DIRECTIONS FOR THIS TASK → Find the line that contains "Koko 34/36 ja"; please output it and each line after it, exactly as shown, up to the end of the entries below, skipping pictures.

========================================

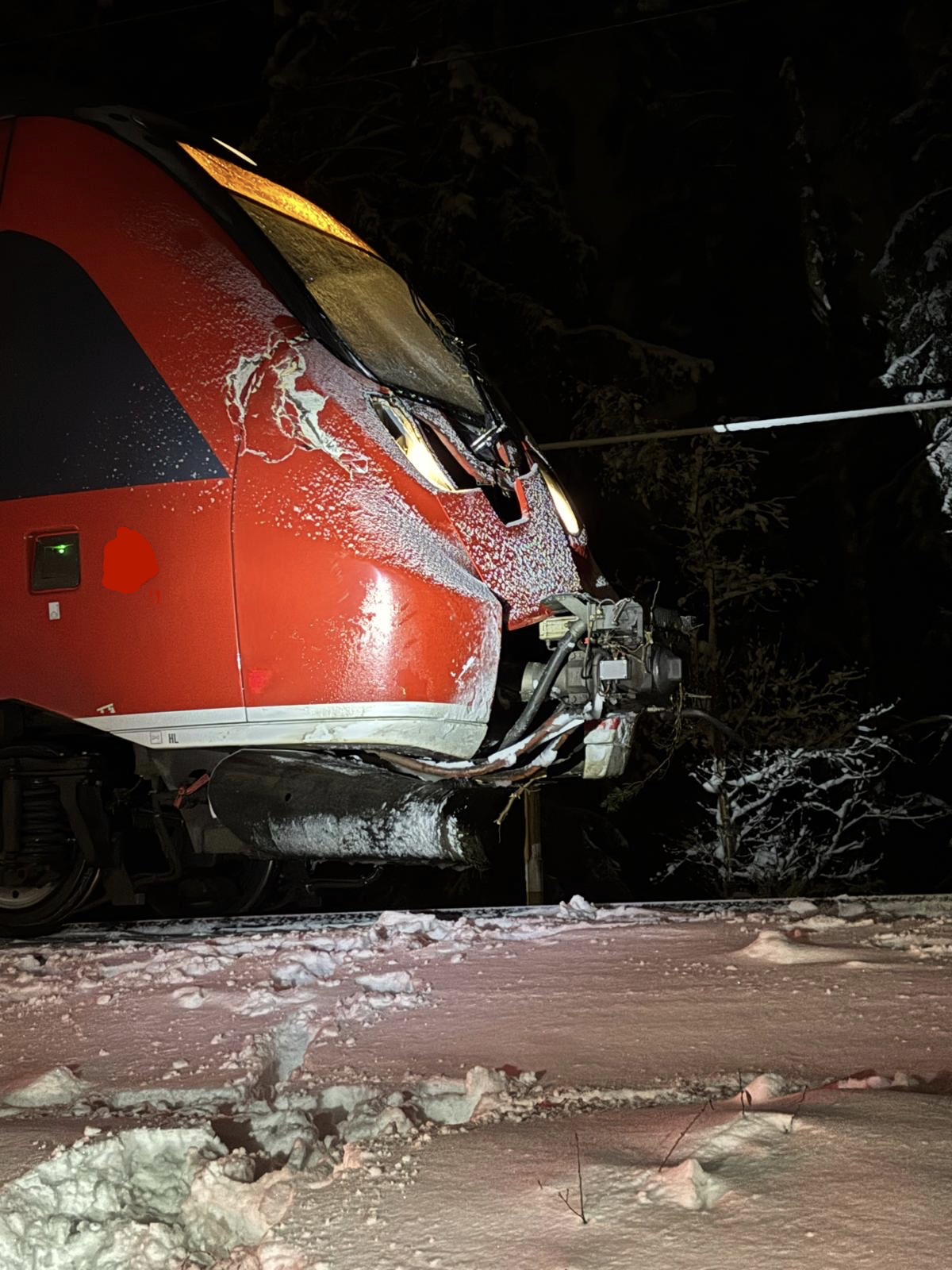 Ein Zug war gegen 00:15 Uhr mit einem Baum kollidiert, der in die Fahrbahn hineingeragt hatte. Dabei wurde die Oberleitung beschädigt, sodass eine Weiterfahrt nicht mehr möglich war.
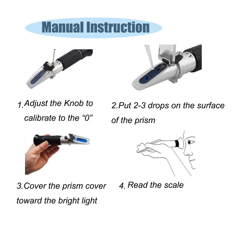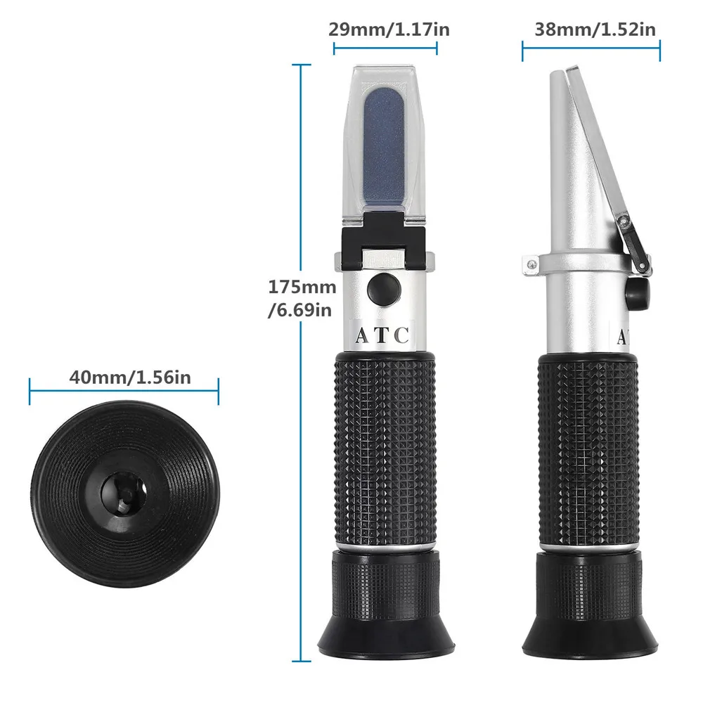 Процедура измерения не является сложной, просто очистите спиртовой рефрактометр перед использованием и как только дистиллированная жидкость образца на месте убедитесь, что пузырьки воздуха не появляются. Полностью оборудованный ATC, он автоматически настраивается для корректировки разницы температур во время использования. Поскольку показатель преломления очень зависит от температуры, важно использовать рефрактометр с автоматической температурной компенсацией (ATC), чтобы дать вам самое точное измерение в любом типе температуры окружающей среды.
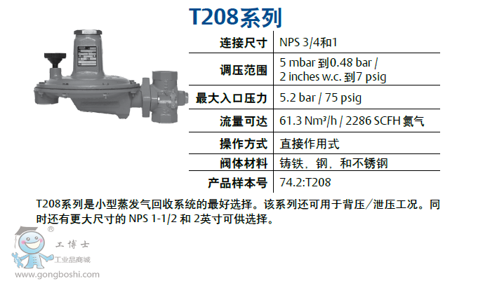 T208系列是小型蒸發氣回收系統的*好選擇。該系列還可用于背壓/泄壓工況。同
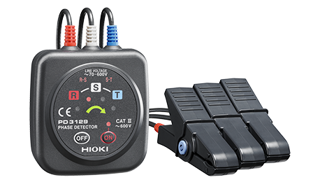 PD3129 je bezkontaktní digitální tester fázového posunu pro kontrolu pořadí fází a detekci fází pod napětím v třífázových sítích. V mnoha třífázových aplikacích se také označuje jako tester fázového posunu nebo indikátor fází. Díky bezkontaktním svorkám umožňuje přístroj provádět měření přímo na izolovaných vodičích bez nutnosti odizolování vodičů nebo odhalení částí pod napětím. Díky tomu je testování rychlejší, bezpečnější a možné i v situacích, kdy by přímý elektrický kontakt normálně vyžadoval vyšší kvalifikaci nebo dodatečná ochranná opatření.
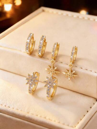 优雅星空金色三环耳环套装 - 微型锆石星芒和几何造型耳环 | 适合派对和节日佩戴的百搭耳环
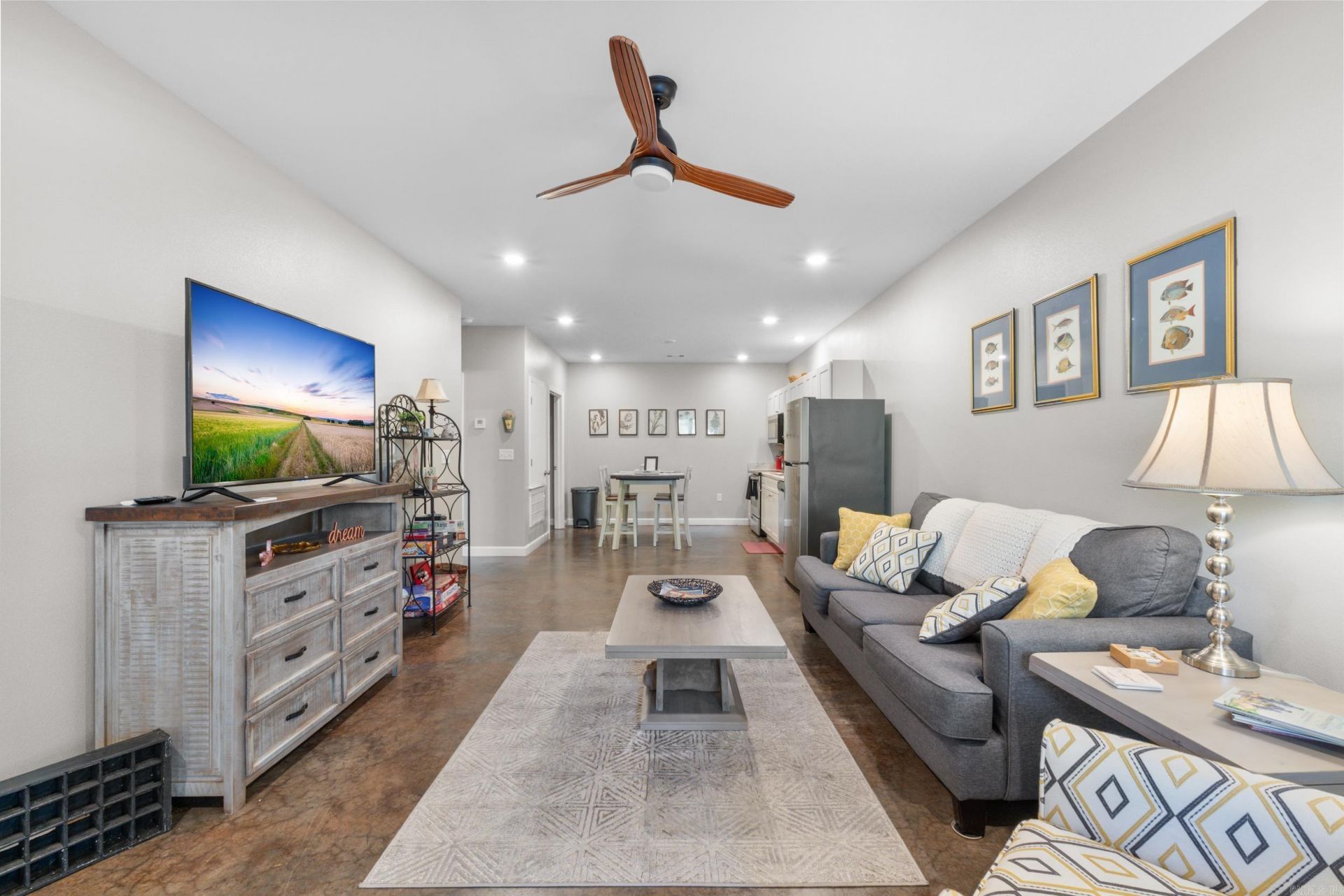 Welcome to your perfect lake getaway! This like-new 1 bedroom, 1 bath condo borders the Government Strip, offering added privacy and a natural buffer , with a seasonal view of beautiful Bull Shoals Lake and Bull Shoals Marina. Built just four years ago, this well maintained condo features an open concept floor plan designed for easy living and entertaining. The interior boasts durable acid stained floors, a convenient laundry room, and a bright, inviting living space. The large primary bedroom features a walk-in closet. The bathroom features a large vanity and tub/shower combo. Step outside and enjoy an impressive 370 square feet of outdoor living, on your oversized porch or the large common area, located on the side of the property for family gatherings and cookouts and complete with bathrooms for your guests. Located just a few miles from the renowned White River, famous for its world-class trout fishing, crystal-clear waters, and year-round outdoor recreation, this property offers the best of both lake and river lifestyles. Currently used as a short-term rental, this property comes fully furnished.
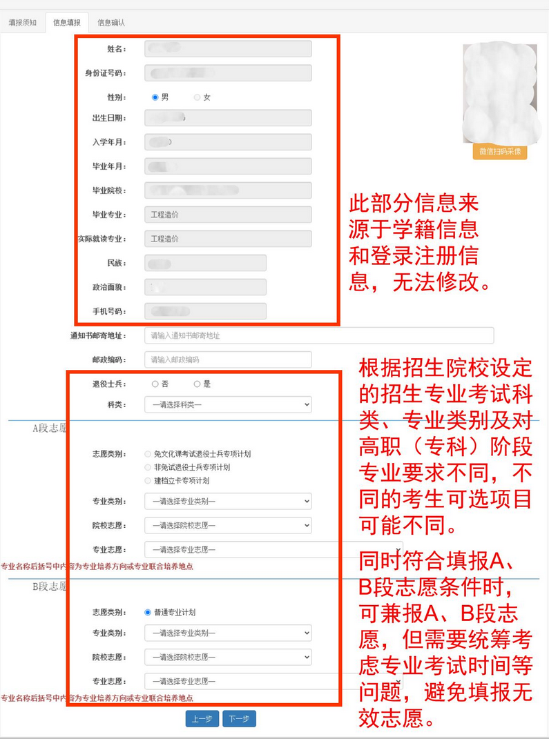 在充分閱讀招生院?!墩猩鲁獭?,了解院校招生要求后,根據(jù)自身情況,填寫郵寄地址、郵政編碼,選擇自己報(bào)考的科類、院校志愿和專業(yè)志愿。
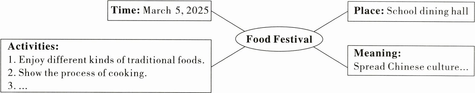 Chinese food plays an important role in Chinese culture. Our school will hold a traditional Chinese Food Festival in the school dining hall on March 5, 2025.
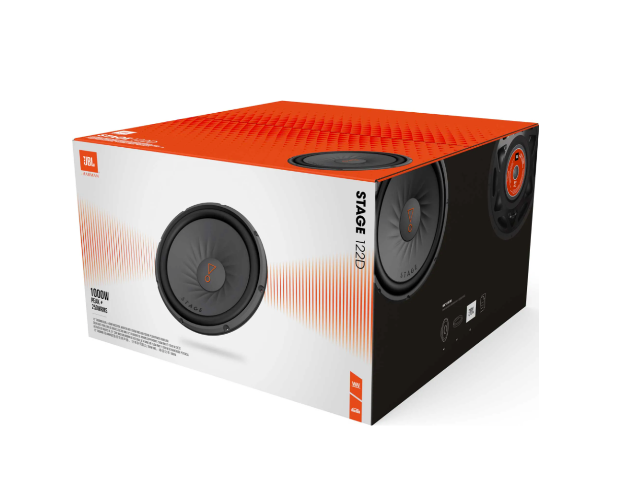 Субуферът JBL Stage 122D е мощен 12" (300 mm) компонентен субуфер, проектиран за силни, дълбоки и динамични баси, като същевременно запазва много добро съотношение цена/производителност. В сравнение с обикновените серийни субуфери той осигурява значително по-високо акустично налягане, по-ниско изкривяване и по-голяма гъвкавост при свързване, което го прави отличен както за базов ъпгрейд, така и за по-мощни car audio конфигурации.
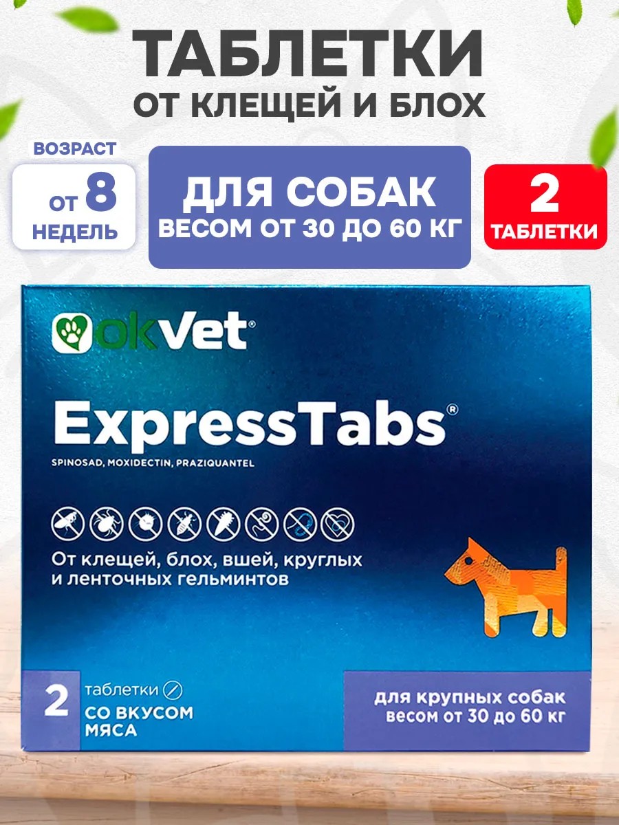 АВЗ Okvet ExpressTabs таблетки от паразитов собак 30-60 кг 2 таб
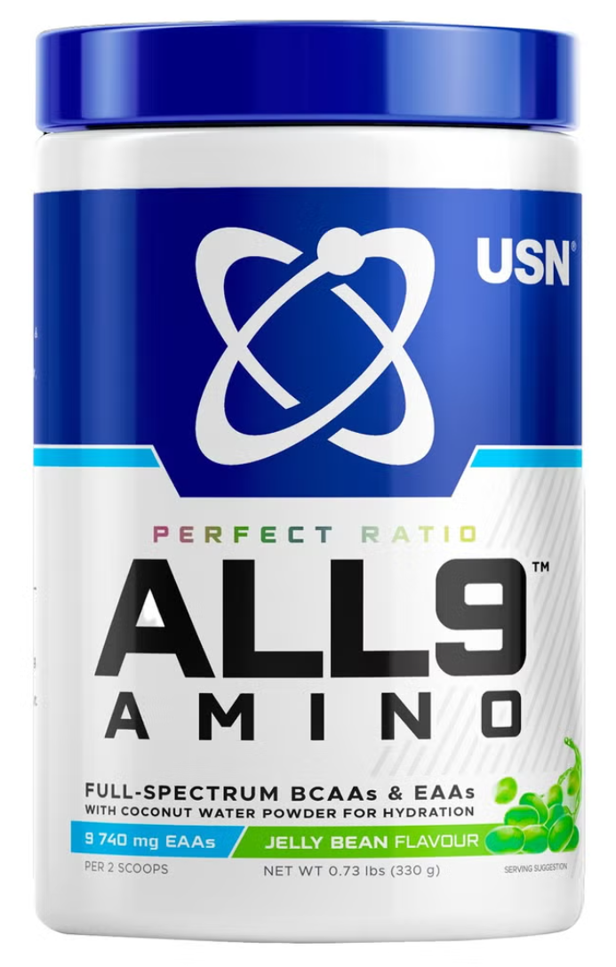 طیف All9 Amino شرکت USN شامل 9 اسید آمینه ضروری است که بدن شما نمیتواند به طور طبیعی تولید کند. مزایای مکمل این آمینو اسیدها بسیار زیاد است. اسیدهای آمینه به عنوان بلوکهای سازنده پروتئینهایی عمل میکنند که عملکردهای مختلفی را در سراسر بدن انجام میدهند. All9 Amino همچنین حاوی AstraGin است که جذب آمینو اسیدها را افزایش میدهد و بدن را قادر میسازد تا از آنها به درستی استفاده کند.
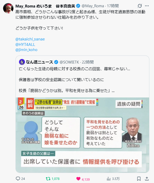 2026年3月26日 / 最終更新日 : 2026年3月26日 文明のターンテーブル ブログ 高市首相、どうかこんな事故が2度と起きぬ様、生徒が特定過激思想の活動に強制参加させられない仕組みをお作り下さい。 どうか子供を守って下さい! X コメントを残すメールアドレスが公開されることはありません。 ※ が付いている欄は必須項目ですコメント ※ 上の計算式の答えを入力してください 名前 メール サイト 次回のコメントで使用するためブラウザーに自分の名前、メールアドレス、サイトを保存する。 Δ
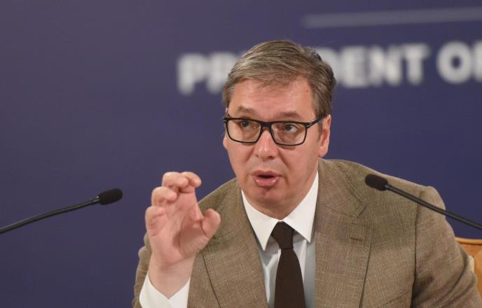 - Prištinski režim pokušava da iskoristi raspoloženje u svetu i da privuče žaljenje pričom o velikom i malom Putinu u kojoj bi Aljbin Kurti sebe predstavio kao Zelenskog. Doneli su odluku da nameću narodu na severu KiM stvari koje ne mogu da nameću - rekao je predsednik Srbije tokom obraćanja iz Predsedništva Srbije.
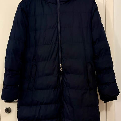 Koko 34/36 ja olen itse kokoa M (170cm / 75kg) ja takki menee hyvin kiinni ja istuu
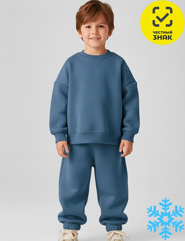Костюм детский из футера трехнитки с начесом, состоит из 2-х предметов. Толстовка с длинными втачными рукавами на манжетах, со спущенной линией плеча. Брюки на поясе на резинке.
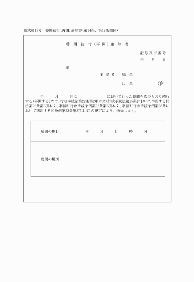 第十四条 法第二十二条第二項本文又は条例第二十二条第二項本文の規定による通知は、聴聞続行(再開)通知書(様式第十五号)によるものとする。
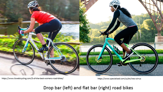 As for type of bike, I recommend a more upright bike like a “comfort bike” or a hybrid for most people, especially starting out. These have flat bar handlebars that feel more natural than road-bike style “drop bars”. If you don’t think you’ll ever want to go off pavement, a “flat bar road bike” is a good choice, because they have skinnier tires and you can go pretty fast. Otherwise a hybrid with fatter tires and at least front suspension will do well on road or dirt.
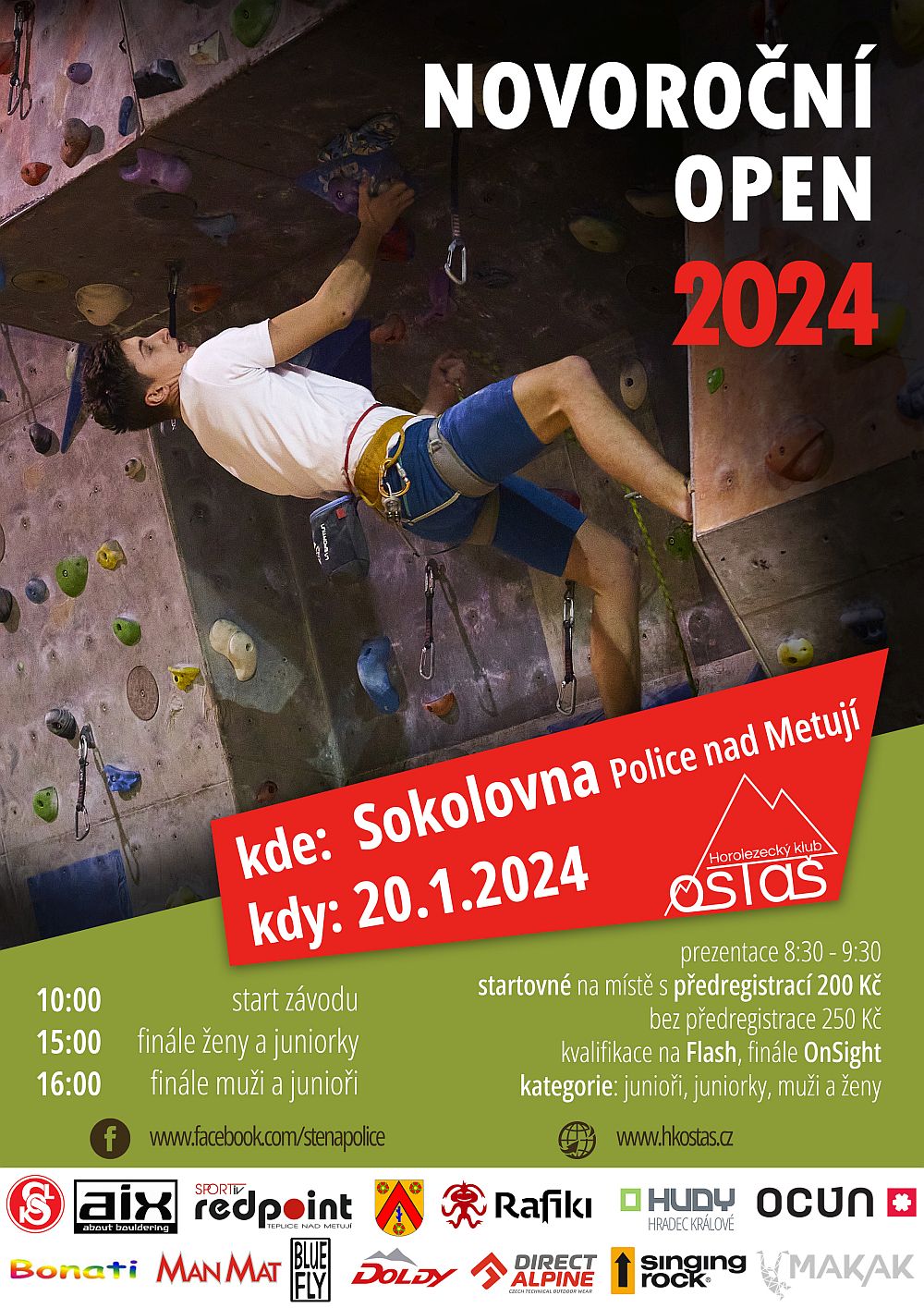 Nová lezecká závodní sezóna začíná a tradiční otvírák v Polici nad Metují bude pro vás připraven na 20. 1. 2024. Osvědčení stavěči Alberto a Prťka se Sankou připraví čtyři kvaldy a v podvečer si to nejlepší rozdají v mužském a ženském finále.

========================================

RESPONSE →
 Koko 34/36 ja olen itse kokoa M (170cm / 75kg) ja takki menee hyvin kiinni ja istuu
Костюм детский из футера трехнитки с начесом, состоит из 2-х предметов. Толстовка с длинными втачными рукавами на манжетах, со спущенной линией плеча. Брюки на поясе на резинке.
 第十四条 法第二十二条第二項本文又は条例第二十二条第二項本文の規定による通知は、聴聞続行(再開)通知書(様式第十五号)によるものとする。
 As for type of bike, I recommend a more upright bike like a “comfort bike” or a hybrid for most people, especially starting out. These have flat bar handlebars that feel more natural than road-bike style “drop bars”. If you don’t think you’ll ever want to go off pavement, a “flat bar road bike” is a good choice, because they have skinnier tires and you can go pretty fast. Otherwise a hybrid with fatter tires and at least front suspension will do well on road or dirt.
 Nová lezecká závodní sezóna začíná a tradiční otvírák v Polici nad Metují bude pro vás připraven na 20. 1. 2024. Osvědčení stavěči Alberto a Prťka se Sankou připraví čtyři kvaldy a v podvečer si to nejlepší rozdají v mužském a ženském finále.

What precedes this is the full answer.